Give back exactly the lines from the one that holds "Stylish one-bedroom corner" through the final line of the data; omit the pictures and add nothing.

> THE DATA
◆ ◆ ◆
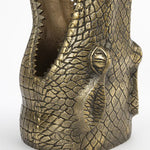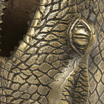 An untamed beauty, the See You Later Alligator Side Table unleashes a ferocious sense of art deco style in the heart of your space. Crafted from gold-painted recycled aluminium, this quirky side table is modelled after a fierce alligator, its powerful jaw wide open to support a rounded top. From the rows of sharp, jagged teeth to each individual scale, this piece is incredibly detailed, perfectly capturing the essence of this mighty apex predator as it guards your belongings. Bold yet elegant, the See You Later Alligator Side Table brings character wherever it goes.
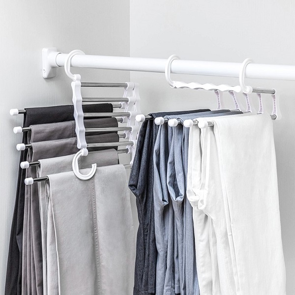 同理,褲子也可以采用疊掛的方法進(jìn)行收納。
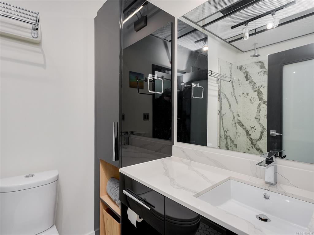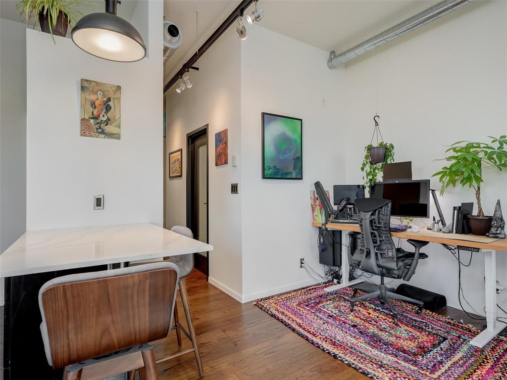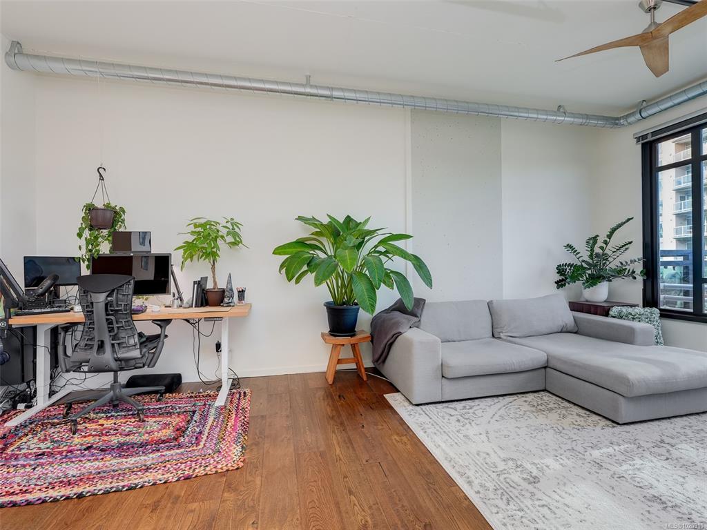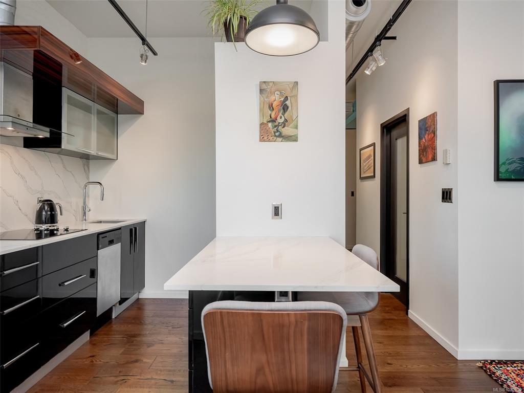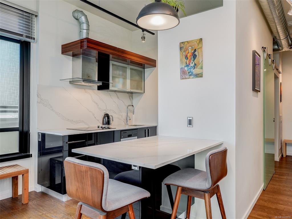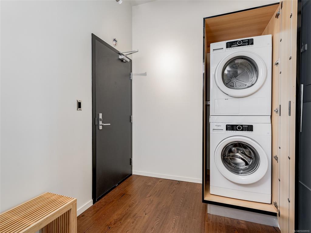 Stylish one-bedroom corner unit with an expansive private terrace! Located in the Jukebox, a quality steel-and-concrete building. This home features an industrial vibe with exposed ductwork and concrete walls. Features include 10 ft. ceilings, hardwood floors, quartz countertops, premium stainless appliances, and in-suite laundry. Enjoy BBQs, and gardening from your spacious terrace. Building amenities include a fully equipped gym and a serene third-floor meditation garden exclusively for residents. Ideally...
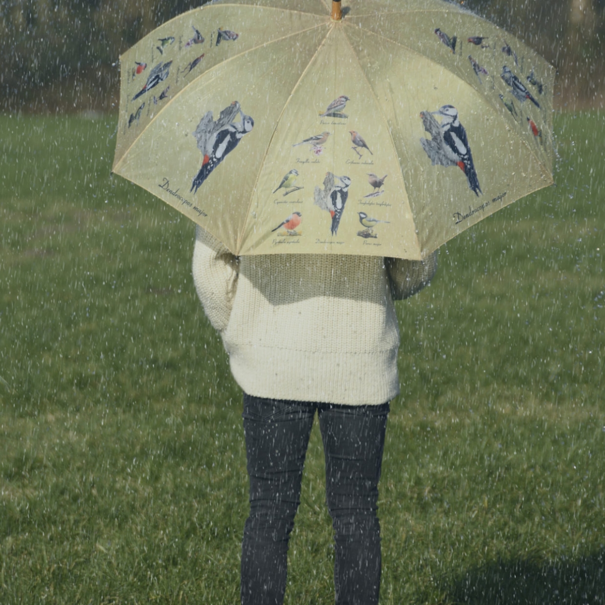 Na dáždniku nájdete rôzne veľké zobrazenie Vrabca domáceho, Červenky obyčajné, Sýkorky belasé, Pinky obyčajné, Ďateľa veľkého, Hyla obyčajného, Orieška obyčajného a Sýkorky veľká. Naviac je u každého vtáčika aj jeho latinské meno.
◆ ◆ ◆
> OUTPUT OF THE EXERCISE
 Stylish one-bedroom corner unit with an expansive private terrace! Located in the Jukebox, a quality steel-and-concrete building. This home features an industrial vibe with exposed ductwork and concrete walls. Features include 10 ft. ceilings, hardwood floors, quartz countertops, premium stainless appliances, and in-suite laundry. Enjoy BBQs, and gardening from your spacious terrace. Building amenities include a fully equipped gym and a serene third-floor meditation garden exclusively for residents. Ideally...
 Na dáždniku nájdete rôzne veľké zobrazenie Vrabca domáceho, Červenky obyčajné, Sýkorky belasé, Pinky obyčajné, Ďateľa veľkého, Hyla obyčajného, Orieška obyčajného a Sýkorky veľká. Naviac je u každého vtáčika aj jeho latinské meno.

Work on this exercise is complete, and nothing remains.